I remember that lovely quote from Sunny Jim, but I can't remember when he said it. Ah! Google tells me 1976, and that that part of his speech was written by Peter Jay (BBC economics reporter). But would he have said it, if Friedman had taken up engineering instead of economics?

The other quote that comes to mind is Keynes', about monetary policy by the trades unions (ch 17 IIRC, but I've left both my copies of the GT at home).

Nick Rowe,

Peter Jay was one of the voices of monetarism in the UK and a rare example of a left-wing monetarist, so I imagine he wouldn't have said it.

However, it's worth stressing that the key battle of the 1970s (especially in the UK) was not Keynesianism vs. monetarism, but cost-push inflation vs. monetarism.
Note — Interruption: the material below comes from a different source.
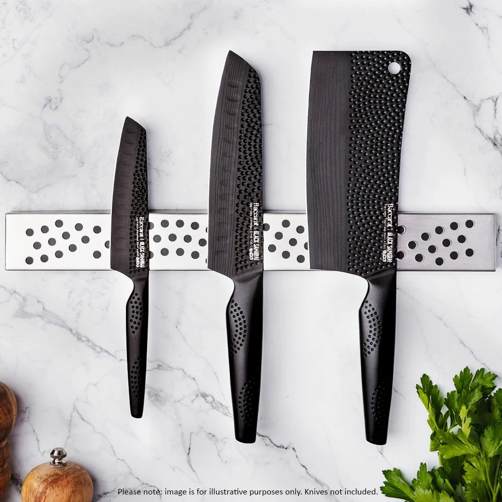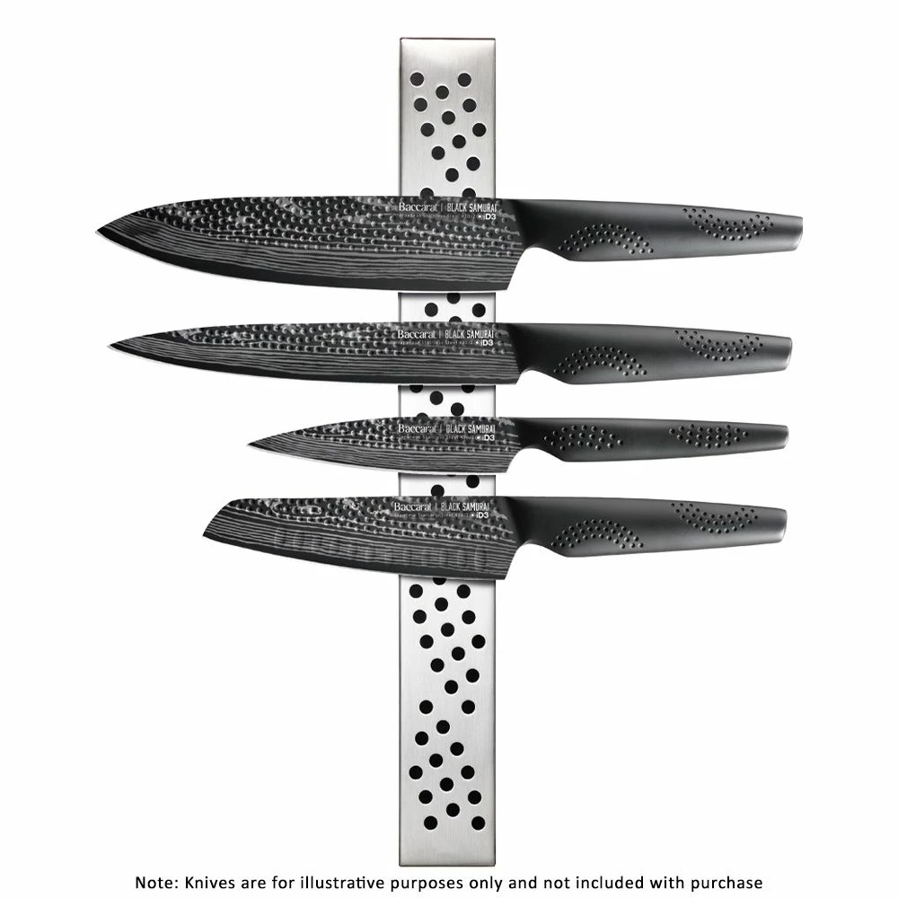 Keeping loose knives from going blunt or getting damaged isn’t easy when you have nowhere to store them. To help keep your kitchen knives in their best possible shape, and prevent accidents and injuries, the Baccarat iD3 Black Samurai Magnetic Knife Holder is the perfect solution. Made with premium quality stainless steel and fitted with super strong industrial grade magnets, the Baccarat iD3 Black Samurai Magnetic Knife Holder is ideal for professional kitchens in cafes and restaurants or small apartment homes with minimal bench space as it can be mounted to any wall, instantly freeing up drawer and counter space. Suitable for use with knives of any brand, shape, and style, the Baccarat iD3 Black Samurai Magnetic Knife Holder not only keeps your knife blades from getting chipped and blunted but also puts them proudly on display and in close reach. Easy to install on tile, plaster, or other flat surfaces, the Baccarat iD3 Black Samurai Magnetic Knife Holder is a stylish solution to tidying up your mix-and-match blades.

And it's also worth stressing that in the UK "demand" was usually used to refer to RGDP or unemployment, at least in popular discussions. Even the nominal vs. real interest rate distinction was often overlooked.

W. Peden, let's see if I get this right.

How does MSI ALL apply to a CD from a bank?

Too Much Fed,

It depends on the substitutability of a deposit as against currency-


Current accounts, money-market fund accounts, CDs, commercial paper etc. all have some degree of substituability with currency, but not the same degree and not a constant one over time. So a Divisia-type aggregate and a similar standard aggregate may diverge because of changes in the composition of people's money holdings, e.g. a move from non-interest bearing demand deposits to money market funds or time deposits will have a negative affect on the Divisia index (as in the US in the early 1980s) while a shift from savings and time deposits into M1-type money holdings will have an expansionary effect (as in the US in the early 1990s). In such circumstances, broad money Divisia-indexes often tell a story somewhere in between narrow money and broad money.

William A. Barnett is a good person to read for the details, and I recommend his book "Getting it Wrong".